## ACTIVITY:
Pictures stay out. Extract the lines below from the first one through the line with "I received the", both included.

-- EXERCISE DATA follows --

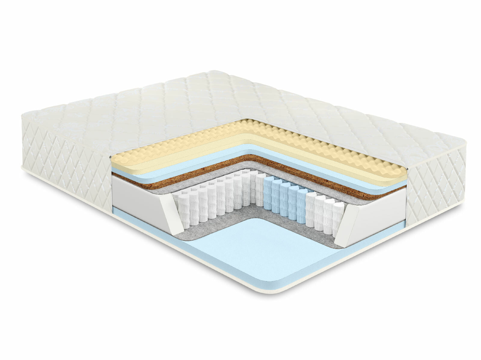Пружинный матрас в основе которого многозональный независимый пружинный блок 1000 пружин на спальное место обеспечивает ортопедическую поддержку и комфорт во время сна. Независимые пружины подстраиваются под формы человека, потому что каждая пружина находится в отдельном кармашке и обеспечивает равномерное распределение веса.
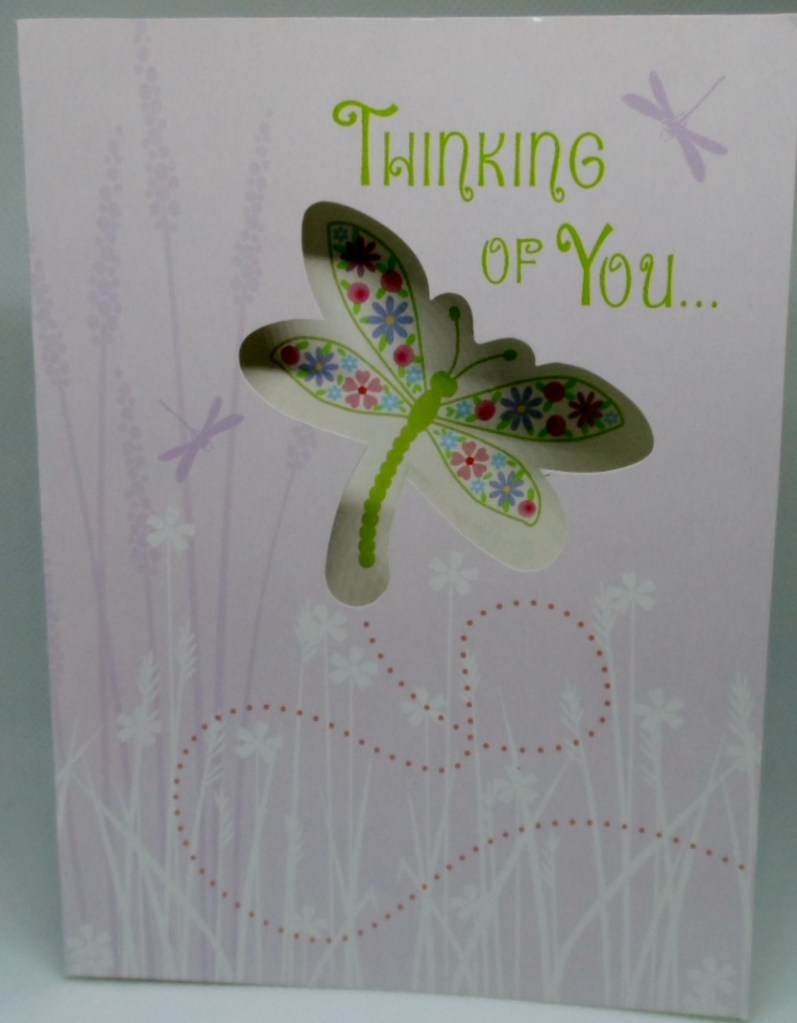 I received the bottom card from my girlfriend the other day and yesterday I just learned that her long time neighbor and friend passed away. Since dragonflies are my friend Joy’s soothing image, I decided to CASE the card I received from her as a sympathy card in the loss of her neighbor.
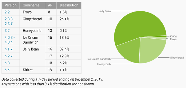 As these are the last Android platform numbers to be released this year, 2014 will show if Google is able to succeed with KitKat in removing smartphone makers’ reliance on Gingerbread for ultra-cheap Android devices.

-- EXERCISE DATA concluded --

## EXPECTED OUTPUT:
Пружинный матрас в основе которого многозональный независимый пружинный блок 1000 пружин на спальное место обеспечивает ортопедическую поддержку и комфорт во время сна. Независимые пружины подстраиваются под формы человека, потому что каждая пружина находится в отдельном кармашке и обеспечивает равномерное распределение веса.
 I received the bottom card from my girlfriend the other day and yesterday I just learned that her long time neighbor and friend passed away. Since dragonflies are my friend Joy’s soothing image, I decided to CASE the card I received from her as a sympathy card in the loss of her neighbor.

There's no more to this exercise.